Apa yang digambarkan pada bagian ini, yang memberikan deskripsi perihal
kegiatan yang diprakarsai oleh Horison, PPPG, HISKI, maupun HPBI, mestilah
dipandang sebagai suatu dinamika positif yang memberikan sumbangan berarti bagi suatu
perkembangan kehidupan sastra maupun pengajaran dan pembelajaran sastra di Indonesia
dewasa ini.

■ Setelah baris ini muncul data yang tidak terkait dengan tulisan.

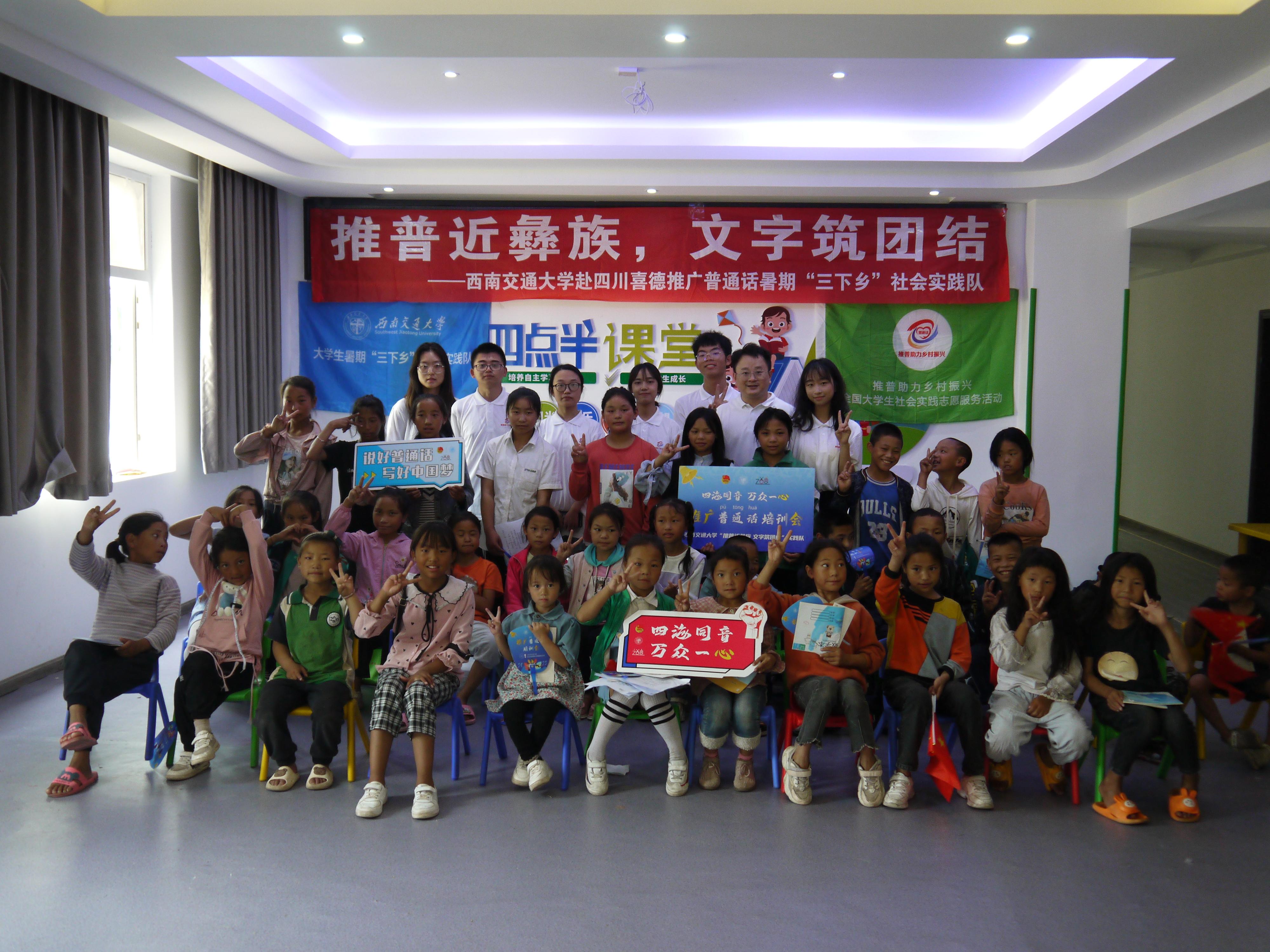为落实《国家通用语言文字普及提升工程和推普助力乡村振兴计划实施方案》,响应教育部语言文字应用管理司、共青团中央青年发展部共同开展的“推普助力乡村振兴”全国大学生暑期社会实践志愿服务活动的通知,进一步推进西部少数民族地区语言文字教育,铸牢中华民族共同体意识,助力乡村振兴。7月15日至7月19日,best365网页版登录官方网站“推普助力乡村振兴”实践团队一行深入四川省凉山自治州彝族聚居区的喜德县开展推广普通话志愿服务活动。

Jika apa yang dilakukan oleh lembaga atau himpunan-himpunan ini ditunjang
pula oleh aktivitas individual yang berperspektif masa depan, seperti tumbuhnya kesadaran
mengenai peran sentral guru dalam kurikulum, pemberdayaan aspek kreatif dalam
pembelajaran sastra, pemahaman yang berwawasan luas akan materi kurikulum yang
disesuaikan dengan kondisi dan situasi setempat, kesediaan diri para guru untuk juga
mereformasi sikap dan meluaskan bacaan mereka, serta terus-menerus memperbarui
variasi metode pengajarannya, niscaya pembelajaran sastra akan mengarah dan menuju ke
suatu wilayah yang amat membahagiakan, bermanfaat untuk orang banyak, dan mampu
meninggikan martabat guru itu sendiri maupun khazanah sastra Indonesia sendiri.

Harapan
Akhirnya memang hanya sebuah harapan. Mudah-mudahan, dengan berbagai
upaya, rencana, strategi, ancangan, maupun kehendak untuk selalu mengaktualisasi diri
dan menerapkan prinsip-prinsip demokratisasi dalam pembelajaran sastra, kehidupan
akademis maupun kehidupan sastra itu sendiri dapat berjalan beriringan dan saling
memanfaatkan. Untuk saat ini, di Indonesia, dapat dikatakan sebagai masa gemilang dalam
hal dunia penciptaan sastra. Para pengarang baru bermunculan, menawarkan berbagai gaya
dan tema, serta diam-diam telah mampu memposisikan diri sebagai sebuah ranah yang
tidak lagi seperti orang tua yang terbungkuk-bungkuk sambil sesekali batuk-batuk, tetapi
telah menjelma diri sebagai gadis manis yang selalu diimpi-impikan dan dirindui banyak
orang. Di Indonesia sekarang, orang cenderung tidak malu-malu lagi membawa atau
membaca novel mutakhir di keramaian atau di tempat-tempat umum. Malahan,
karya-karya fiksi Indonesia sekarang sudah menjadi benda hadiah untuk berbagai
perhelatan dan acara.
Oleh karena itu, dengan kenyataan kesastraan yang sedemikian ini, maka sinergi
antara dunia penciptaan sastra dengan dunia pembelajaran sastra sepatutnya tidak
terkendala lagi. Tinggal berpulang kepada para guru sendiri, untuk bersedia membuka diri,
meluaskan wawasan, serta memperkaya bacaan sastranya agar hakikat yang tersirat dalam
kurikulum yang terakhir ini dapat dioperasionalkan secara maksimal.